My oldest daughter Janie was always hard to tame. She had her first child at 15. Janie wasn't ready to be a mom, and I was only thirty, so we agreed I would raise her daughter, Mariahiana, as my own. Janie went onto college and had other children and has provided quite well for herself. Well now Mariahiana is 22 and just had a little boy named Nikkolai. Mari is only in her second year of college, the father isn't involved, and I feel like I'm raising Nikkolai the same way I raised Mari!

I love being a mother, but I'm almost 70 years old now! Granted, I'm a young 68 , but I still have my days where taking care of a baby is hard. What I keep reminding myself of is how much I'm loved by these three generations and how lucky I am to have played such a huge part in their lives. When I'm gone in the next 30 years, I'll be warmly remembered by these children.

By taking care of Mariahiana for Janie I allowed Janie to amture into her full potential and she is now very successful. Mariahiana grew up to be a beautiful, caring, young woman with determination and ambitions. By helping Mari raise Nikkoli, I'll be helping Mari achieve her dreams so that she can provide for herself and her future children after I'm gone. So my advice is, just deal with it. Children are a blessing no matter where or how they get here.


----------



## KokosMomMom (Jul 16, 2012)

The girls in your life are very lucky to have you and I hope they realize that.  I have a question though, you say you raised Mari as your own so does Mari know that you are her grandmother or does she think you are her mother? Does Nikkolai (they both have beautiful names btw) know that Janie is actually her grandmother? And finally does Janie help in raising Nikkoli? It's not that I am trying to pry, but it just seems like Janie would give you some help now that she has matured and reached her potential as you had intended.


----------



## R. Zimm (Jan 1, 2013)

Those sort of situations are always less than ideal but you make of them what you can. There is no reason to view your family as a reason that all of you cannot be happy and productive. When we look at history, many famous people came out of intensely hard situations and changed the World. You folks can too!


----------



## Dorothy (Jan 2, 2013)

hh132648 said:


> My oldest daughter Janie was always hard to tame. She had her first child at 15. Janie wasn't ready to be a mom, and I was only thirty, so we agreed I would raise her daughter, Mariahiana, as my own. Janie went onto college and had other children and has provided quite well for herself. Well now Mariahiana is 22 and just had a little boy named Nikkolai.
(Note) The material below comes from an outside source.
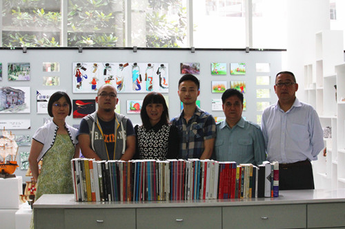 5月20日,在这一个充满爱的日子里,为感谢母校培养、回馈母校,学院计科系06级毕业生王振宇和07级毕业生范桥为母校捐赠了百余册艺术类图书,学院院长助理、教务部部长康桂花,计科系主任杨瑞良,计科系党总支副书记贾琪、学院图书馆馆长助理罗蓉代表学院接受了馈赠。

Mari is only in her second year of college, the father isn't involved, and I feel like I'm raising Nikkolai the same way I raised Mari!
> 
> I love being a mother, but I'm almost 70 years old now! Granted, I'm a young 68 , but I still have my days where taking care of a baby is hard. What I keep reminding myself of is how much I'm loved by these three generations and how lucky I am to have played such a huge part in their lives. When I'm gone in the next 30 years, I'll be warmly remembered by these children.
> 
> By taking care of Mariahiana for Janie I allowed Janie to amture into her full potential and she is now very successful. Mariahiana grew up to be a beautiful, caring, young woman with determination and ambitions. By helping Mari raise Nikkoli, I'll be helping Mari achieve her dreams so that she can provide for herself and her future children after I'm gone. So my advice is, just deal with it. Children are a blessing no matter where or how they get here.
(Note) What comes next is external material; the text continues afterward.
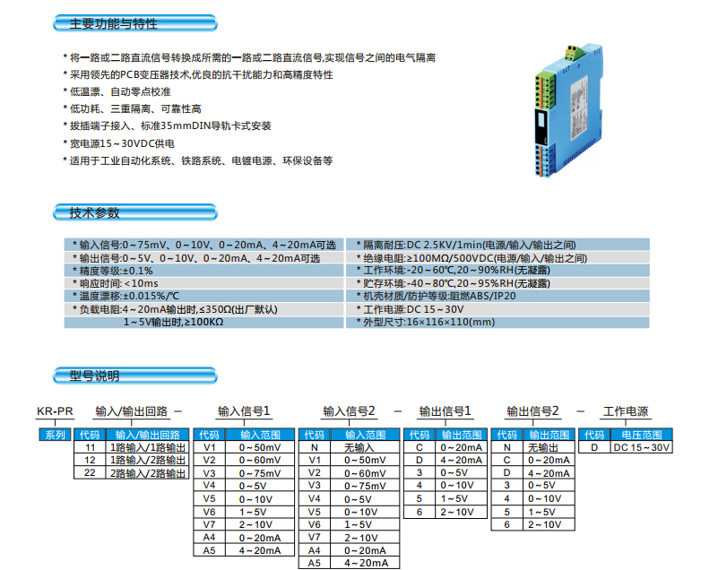 KR-PR,KR-PR11,KR-PR12,KR-PR22信號(hào)隔離分配器

You are a wonderful person and they are so very lucky to have you in their lives, and you are right children are a blessing regardless of the situations. You do what you feel is right in your heart. I do the same with mine. I helped raise my siblings then my own and it just comes naturally to care for family and you such a good example of the  unconditional love of a mother and grandmother..God Bless You.


----------